The intrusiveness of the NSA program would all rate highly: phone records at 74 (ahead of a patdown), credit card records at 75 (ahead of “search of car"), email addresses sent to and received from at 77, bank records at 80.
It’s a tiny survey, and Slobogin isn’t saying the Supreme Court should just base what privacy is on it. Instead, he’s pointing out that what we think of as “private” changes with the technology we use and how we use it.
Another way to investigate what a “reasonable expectation of privacy” is comes from Lihor Strahilevitz, a University of Chicago law prof. His idea is that, in a networked, researched age, we can actually use social network theory to determine what a reasonable expectation of privacy actually is, not just what we think it is: “The goal here is to solidify the ‘privacy’ inquiry as an empirical question, rather than a highly contested normative matter":
Lacking both a computer model and an understanding of the science of social network analysis, judges have relied on their intutions to evaluate the likelihood of information dissemination in a counterfactual world. Judges seem to be asking themselves, ‘had the defendent not become involved, would I have expected this information to remain private were I in the parties’ shoes?’ I have suggested that this is the right question to be asking. But the answers that courts have provided seem to rely on guesswork more than anything else. We can use sociology to assess the accuracy of judges’ guesses, and perhaps to help them make better educated guesses.
Strahilevitz is looking at tort law, not Fourth Amendment law.

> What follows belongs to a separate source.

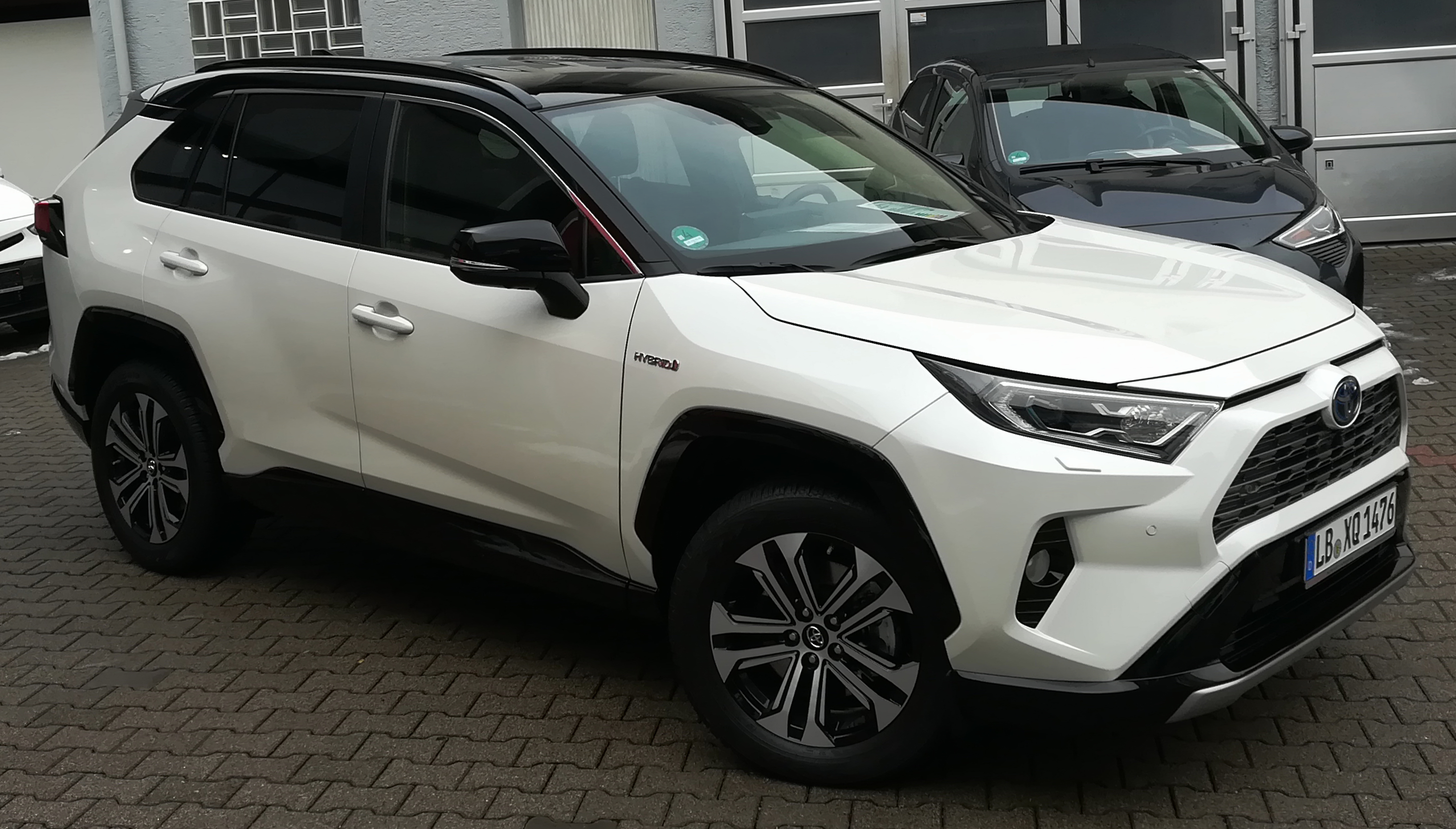 Toyota RAV4 Hybrid in Ludwigsburg, Germany, January 2019

But Slobogin ties it to his subject:
The implications of social network theory for data mining are straightforward. Unless it is part of a public record designed for consumption by everyone or describes an activity observed by strangers, the transactional information government seeks through data mining is rarely known outside our families (aside from the third-party institutions to which we provide it). Expectations that such information will remain “private” are reasonable from the social network perspective.
The government, particularly in the field of intelligence gathering, has shown itself to be remarkably creative in finding a legal basis for information gathering that the average person would find intrusive; should Fourth Amendment law change, it’s no guarantee that the feds would be hampered by it, at least not for awhile.
But the shock over the Snowden leaks and the ongoing coverage are still vital. The law is based on what we think about these things, in the form of reasonable expectation. As Sotomayor’s concurrence suggests, the courts do actually listen to us—as we disclose more and more information to third parties in the course of our daily lives, we gain different expectations for that information. The networked world has made that information easily accessible, but its lessons could provide protections as well, once the courts catch up.